Exercise -
Reproduce the data exactly and drop any pictures it holds.

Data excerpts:
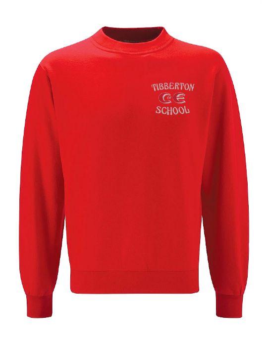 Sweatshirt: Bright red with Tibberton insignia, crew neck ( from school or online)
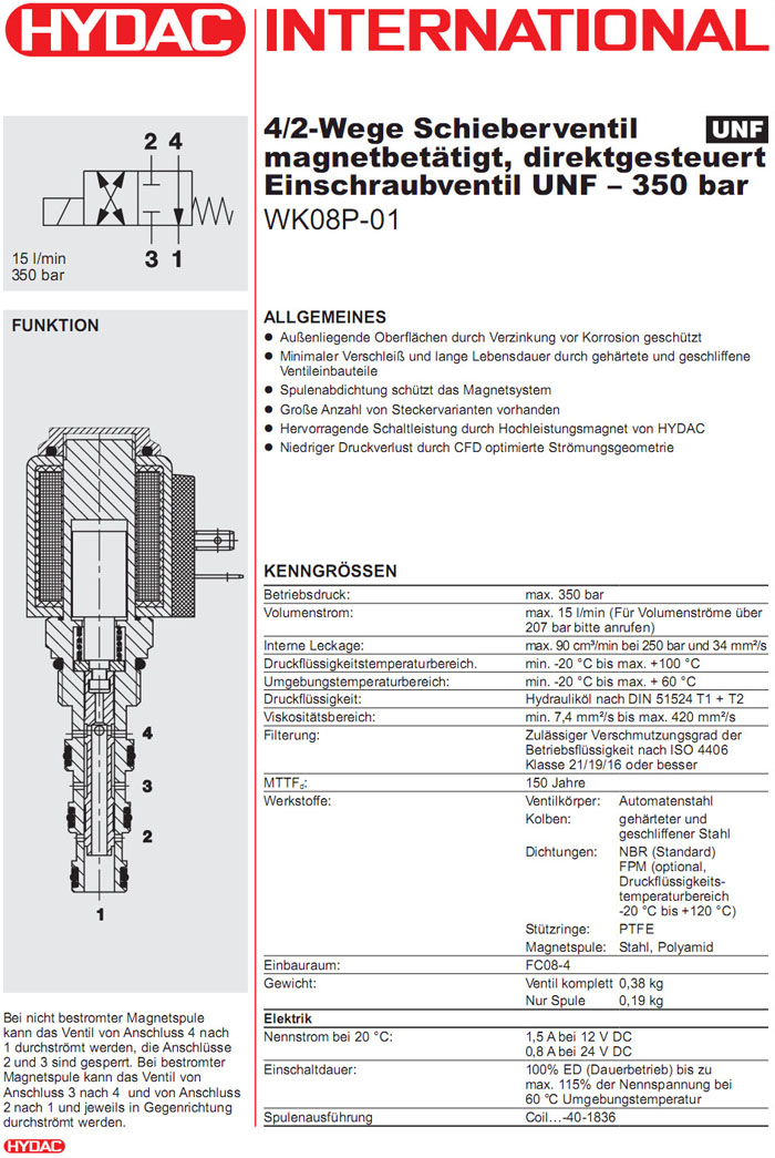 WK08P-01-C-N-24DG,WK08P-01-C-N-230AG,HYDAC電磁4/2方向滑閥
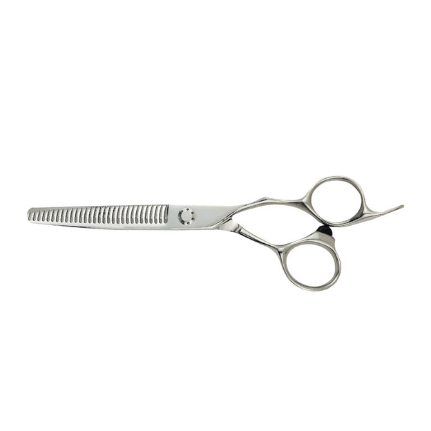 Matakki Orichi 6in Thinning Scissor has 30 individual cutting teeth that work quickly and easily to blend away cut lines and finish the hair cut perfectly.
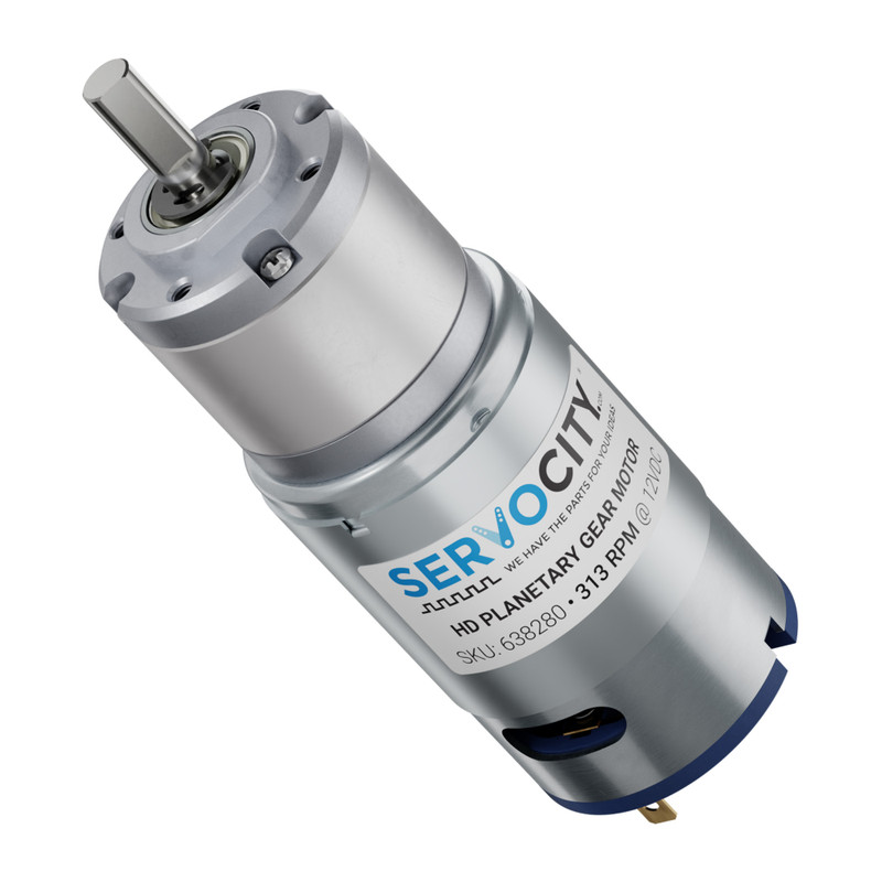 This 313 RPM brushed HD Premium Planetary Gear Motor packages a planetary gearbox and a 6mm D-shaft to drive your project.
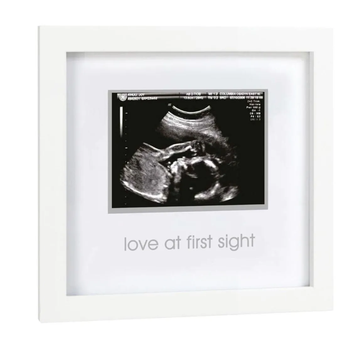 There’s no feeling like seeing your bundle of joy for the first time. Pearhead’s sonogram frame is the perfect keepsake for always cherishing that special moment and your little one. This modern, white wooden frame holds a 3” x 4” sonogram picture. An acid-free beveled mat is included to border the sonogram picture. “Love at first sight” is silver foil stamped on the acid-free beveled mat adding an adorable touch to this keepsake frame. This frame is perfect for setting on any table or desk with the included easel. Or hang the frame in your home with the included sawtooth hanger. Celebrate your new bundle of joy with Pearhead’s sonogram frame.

Answer section -
 Sweatshirt: Bright red with Tibberton insignia, crew neck ( from school or online)
 WK08P-01-C-N-24DG,WK08P-01-C-N-230AG,HYDAC電磁4/2方向滑閥
 Matakki Orichi 6in Thinning Scissor has 30 individual cutting teeth that work quickly and easily to blend away cut lines and finish the hair cut perfectly.
 This 313 RPM brushed HD Premium Planetary Gear Motor packages a planetary gearbox and a 6mm D-shaft to drive your project.
 There’s no feeling like seeing your bundle of joy for the first time. Pearhead’s sonogram frame is the perfect keepsake for always cherishing that special moment and your little one. This modern, white wooden frame holds a 3” x 4” sonogram picture. An acid-free beveled mat is included to border the sonogram picture. “Love at first sight” is silver foil stamped on the acid-free beveled mat adding an adorable touch to this keepsake frame. This frame is perfect for setting on any table or desk with the included easel. Or hang the frame in your home with the included sawtooth hanger. Celebrate your new bundle of joy with Pearhead’s sonogram frame.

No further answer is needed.